Slate, on Monday of this week, posted Robert Pinsky’s essay “In Praise of Difficult Poetry,” which, though enjoyable, would have had more heft to it if the poems he quoted were, in fact, examples of the kind of difficulty my musician and engineer friends complain of on encountering, say, Anne Carson, or, god help them, any L=A=N=G=U=A=G=E poet. Of course, his task would then have been impossible. And on Tuesday appeared Alfred Corn’s “In-Flight Couplets Composed During a Bomb Alert,” which ends with the wonderfully earned lines
Words fade to black if not made memories of.
Love, if it means to live, is spoken love.
A pretty good week—but the best thing I've seen recently about poetry from Slate is a link in last week's scathing review of the TV show Thank God You’re Here.
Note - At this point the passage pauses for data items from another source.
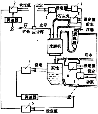 | 1.矿水比; 2.矿灰比; 3.给矿算法; 4.液位算法; 5.功率算法; 6.流量算法; 7.浓度算法; 8.流量算法1。 图 1 前3万t磨矿控制流程图 |
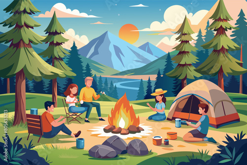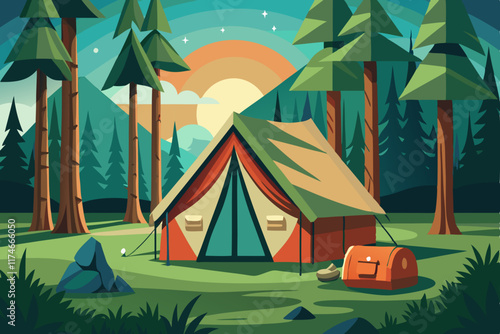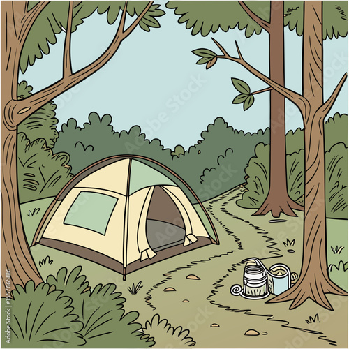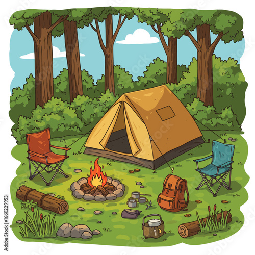 Kemp se stanem, táborák a karavan. Letní tábor dovolená vektorové ilustrace. Lesní krajina s kempinkovým vybavením. Dobrodružství, Příroda, táborák.
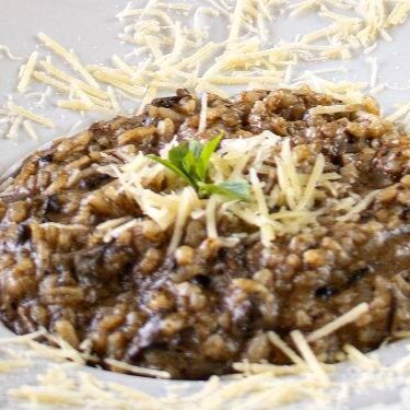 Um cremoso risoto de funghi secchi e mix de cogumelos frescos puxados na manteiga.
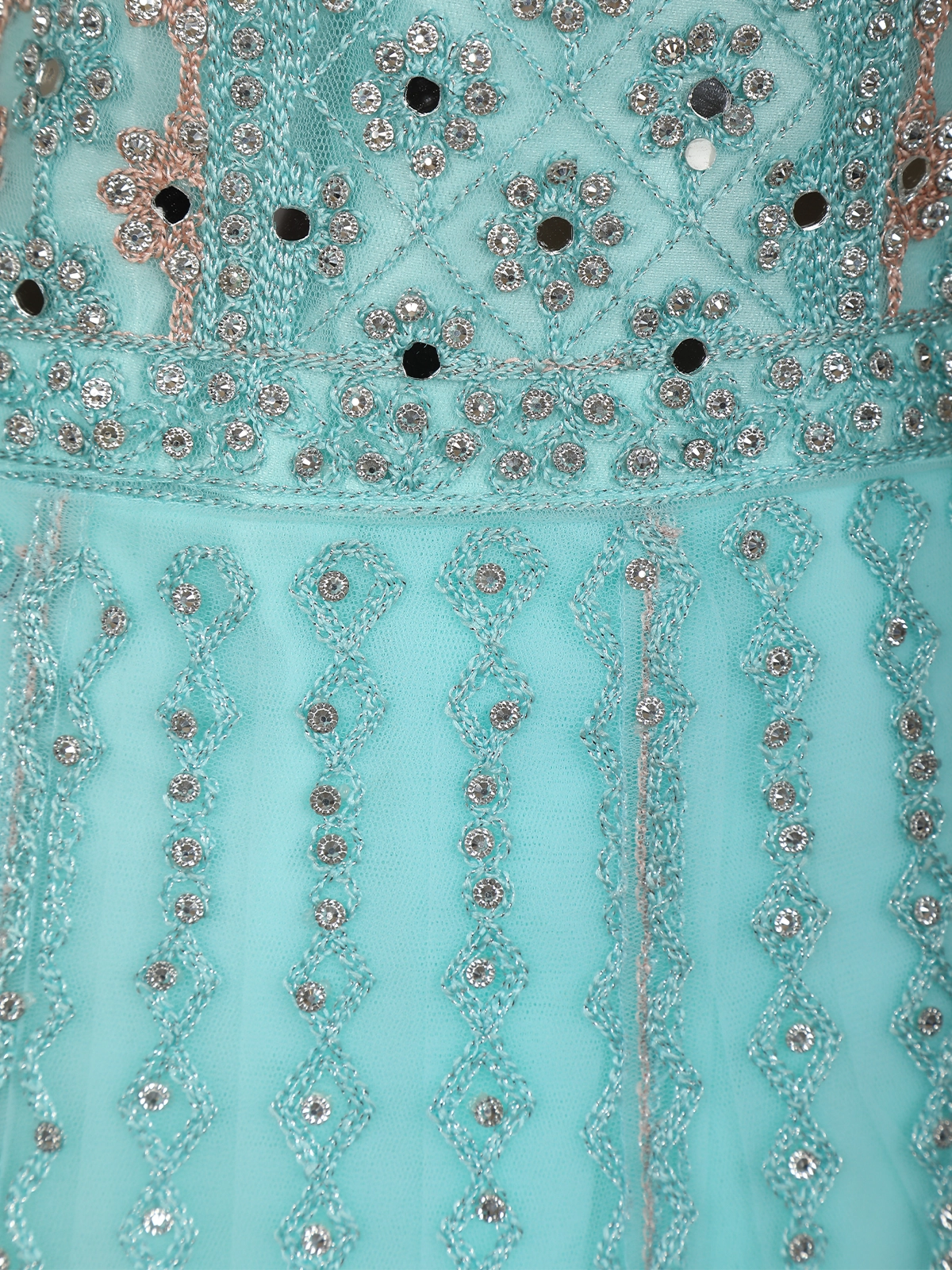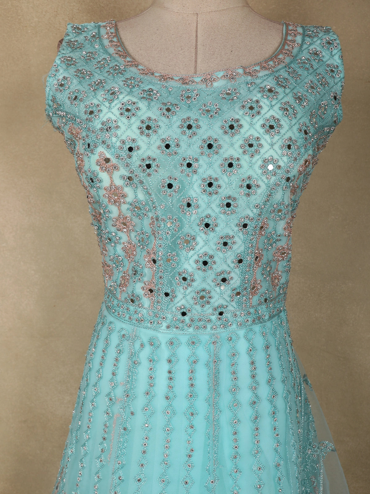 Gracefully crafted in a refreshing light blue hue, this net bridesmaid gown is a perfect blend of elegance and subtle glamour. The bodice is adorned with intricate bead and sequin embroidery arranged in delicate patterns, adding a refined sparkle that beautifully complements the soft pastel tone. The detailed workmanship lends a luxurious appeal while maintaining a light, airy feel.
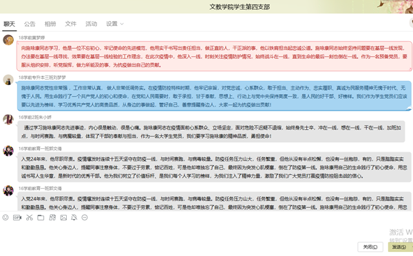 晁天彩強(qiáng)調(diào)支部全體黨員要學(xué)習(xí)施詠康同志信念堅定、對黨忠誠的政治品格;學(xué)習(xí)他牢記宗旨、心系群眾的為民情懷;學(xué)習(xí)他恪盡職守、舍身忘我的責(zé)任擔(dān)當(dāng);學(xué)習(xí)他勤勉敬業(yè)、求真務(wù)實的優(yōu)良作風(fēng)。她要求支部各成員要發(fā)揮自身優(yōu)勢,積極參加各類志愿活動,結(jié)合自身專業(yè)及年級情況做一些力所能及的事情,如線上分享考研經(jīng)驗,幫扶困難學(xué)生等,真正發(fā)揮為他人服務(wù)的精神。支部成員會后也自發(fā)將自己學(xué)習(xí)的所感所想在支部群里進(jìn)行了分享和討論。
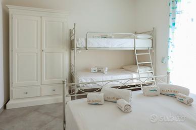 Affittasi bilocali di nuova costruzione da 2 e 4 posti letto, situati in un grazioso residence a circa 70 metri dalle spiagge di Posto Vecchio-Pescoluse, ideali per coppie o famiglie. Sono composti da stanza da pranzo climatizzata con angolo cottura, bagno, camera matrimoniale più letto a castello e giardino riservato. Sono dotati, inoltre, di WI-FI, zanzariere, tv satellitare, barbecue con possibilità di pranzare o cenare fuori, posto auto interno, lavatrice, doccia esterna per consentire agli ospiti un soggiorno più confortevole e rilassante e in dotazione gratuita due biciclette.
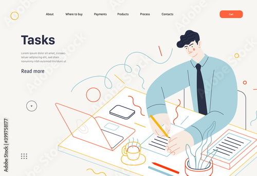 Man sitting by table and typing on laptop. Person work as secretary and doing tasks from people. Manager busy at his workplace, lot of work at office. Vector illustration of working day in flat style
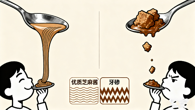 -芝麻醬:純芝麻制作的呈淡黃色或棕黃色,色澤鮮亮柔和是優(yōu)質(zhì)品。若顏色發(fā)灰、暗沉,或出現(xiàn)明顯顆粒感,可能是原料劣質(zhì)或研磨不細(xì)。用勺子舀起時(shí),好醬會(huì)呈線狀流暢流下,含油充足;塊狀落下的則質(zhì)地粗糙,品質(zhì)欠佳。
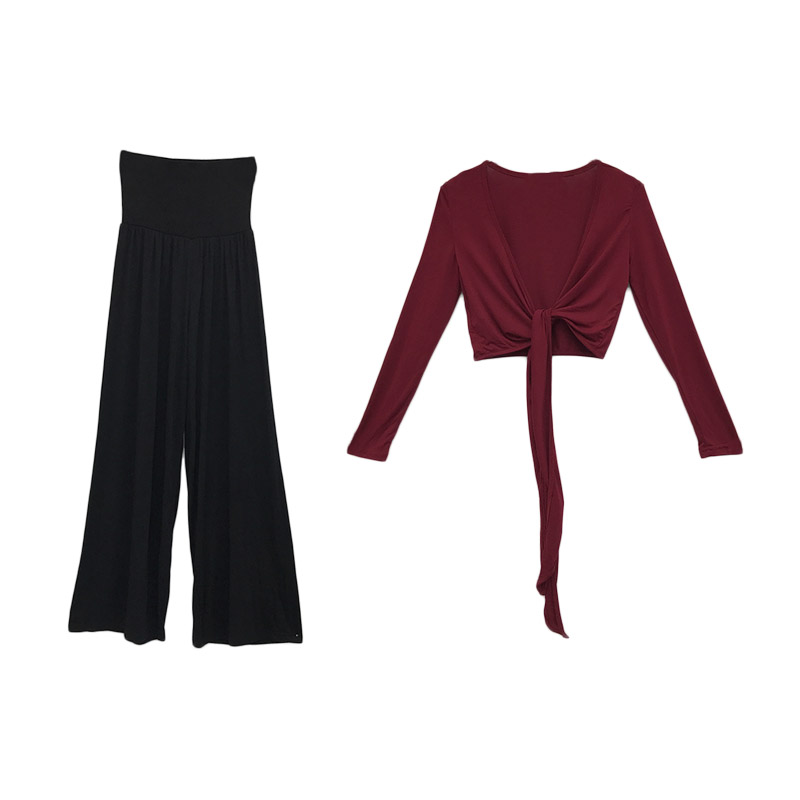 酒紅色綁帶T|黑色綁帶T|黑色褲子|灰色褲子
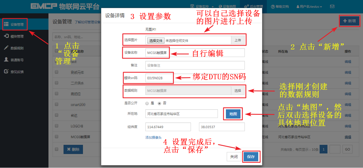 4,点击【地图】按钮选择设备所在的地理位置。完成后点击【保存】。
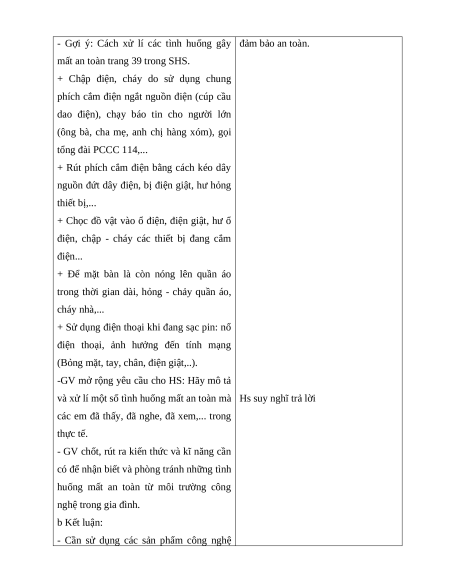 và xử lí một số tình huống mất an toàn mà Hs suy nghĩ trả lời
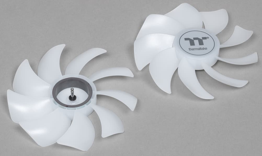 Вентилятор, особенно с подсветкой крыльчатки, смотрится красиво только с фронтальной стороны, в некоторых случаях это слегка портит вид собранного ПК. Компания Thermaltake предложила решение, а именно укомплектовала набор SwaFan 14 RGB Radiator Fan тремя реверсивными крыльчатками, которые можно установить взамен стандартных. Используя одну из этих двух крыльчаток стандартную или реверсивную, пользователь всегда сможет установить вентилятор так, что он будет смотреться самым выгодным образом.
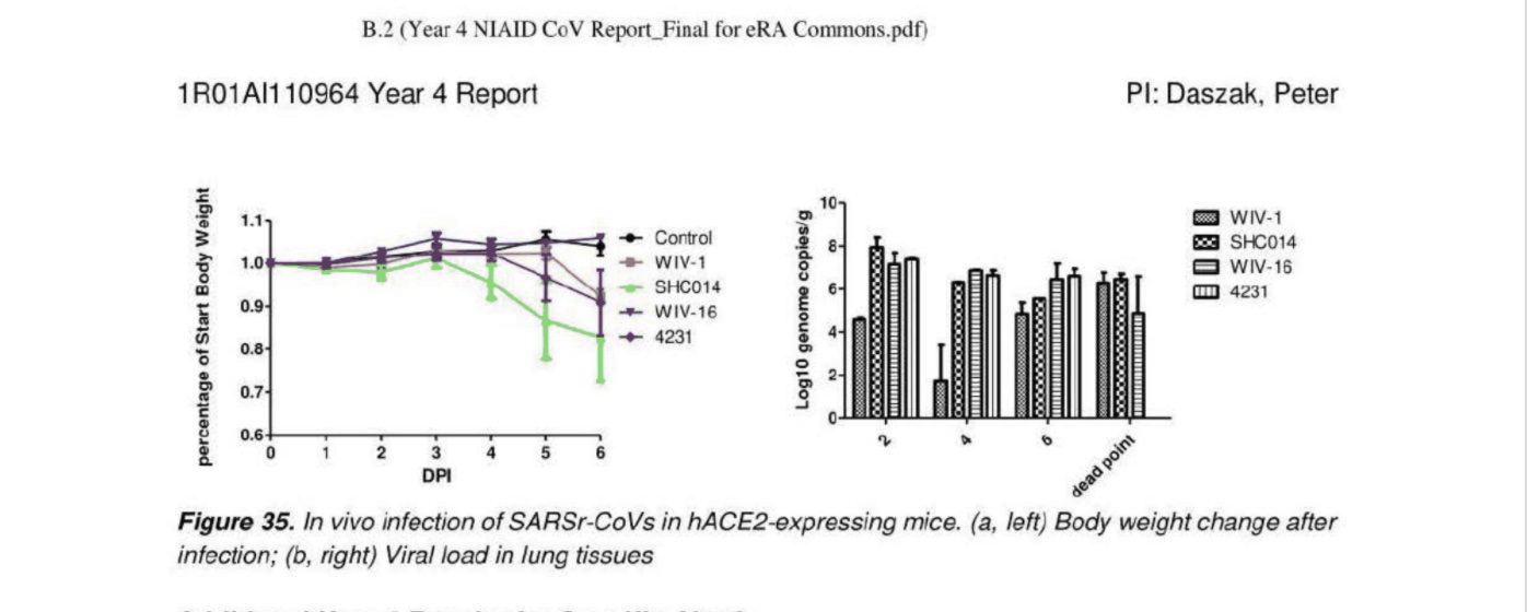 One of the figures from the released grant materials shows the results of two experiments using recombinant SARS-like coronaviruses that were constructed in the laboratory. As I described previously, after the SARS-CoV pandemic of 2003, wildlife sampling efforts in China revealed many SARS-like coronaviruses in bats. To assess the potential of these viruses for infecting humans, their spike protein encoding genes were substituted into the SARS-like CoV WIV1.
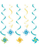Your little boy will love these colourful Turning One Boys Hanging Decorations. The hanging decorations feature blue, yellow and green pinwheel cutouts on blue and yellow swirls and measure 91cm. Check out our complete range of Turning One Boys party supplies for a fully coordinated celebration.
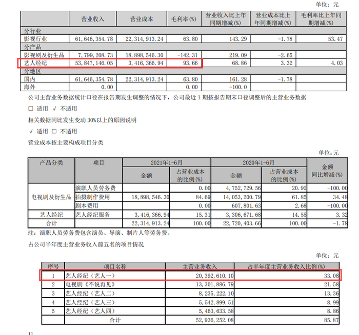 在5384.71万元的艺人经纪收入中,艺人一贡献了2039.26万元,占该公司上半年总营收的33.08%,而这个艺人一,被外界认为是杨紫;艺人二、艺人三、艺人四贡献的营收分别为823.52万元、554.29万元、546.36万元。
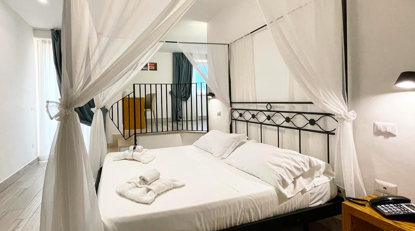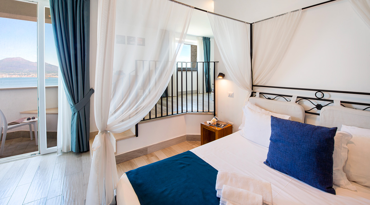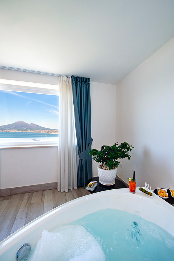 Our Junior Suite seamlessly combines elegance and historic charm with a canopy bed inspired  by the nearby medieval castle. The true centerpiece of this suite is the panoramic whirlpool tub,  offering an exclusive view of Mount Vesuvius. Luxurious fabric drapes and a spacious, elegantly  designed bathroom complete the experience, surrounding you with an atmosphere of intimacy  and sophistication.

I haven”t seen the show, but I’m glad it provided the occasion for me to read this article on how to be a better improviser.
The first rule, it seems, is “ACCEPT INFORMATION: YES AND”
When you get a piece of information from another actor, first, accept it as fact and second, add a little bit more information to it. If somebody tells you that you're wearing a hula skirt, tell them that yes they are, and that they made it right here at Club Med. Keep doing this long enough, and you'll have a scene full of fascinating facts, objects and relationships. Fail to do this and everyone will hate you, even your parents.
It’s what happens in writing formal verse (though more quickly than most poets manage!): each line invites, with meter and sometimes with rhyme, a response from the following lines. And the following lines, if the poem is to live, must offer that response. They must accept the givens and add to them. The other cardinal rules from the article are ADD HISTORY, ASK “IF THIS IS TRUE, WHAT ELSE IS TRUE?” and DON’T DENY, and all of them apply to making a good formal poem, as do most of the lesser dicta presented.
That’s why formal poetry, as constrained as it is by meter, rhyme, or stanzaic form, is so much more various than free verse, which puts so few restrictions on the poet’s momentary perceptions, thoughts, and whims. Contrary to the popular notion, it is free verse which is the passive container into which a poet pours content, while each sonnet or ballade is a sustained improvisation with language, convention, and history as partners. It is the formal poet who says “Yes, and …,” to the world.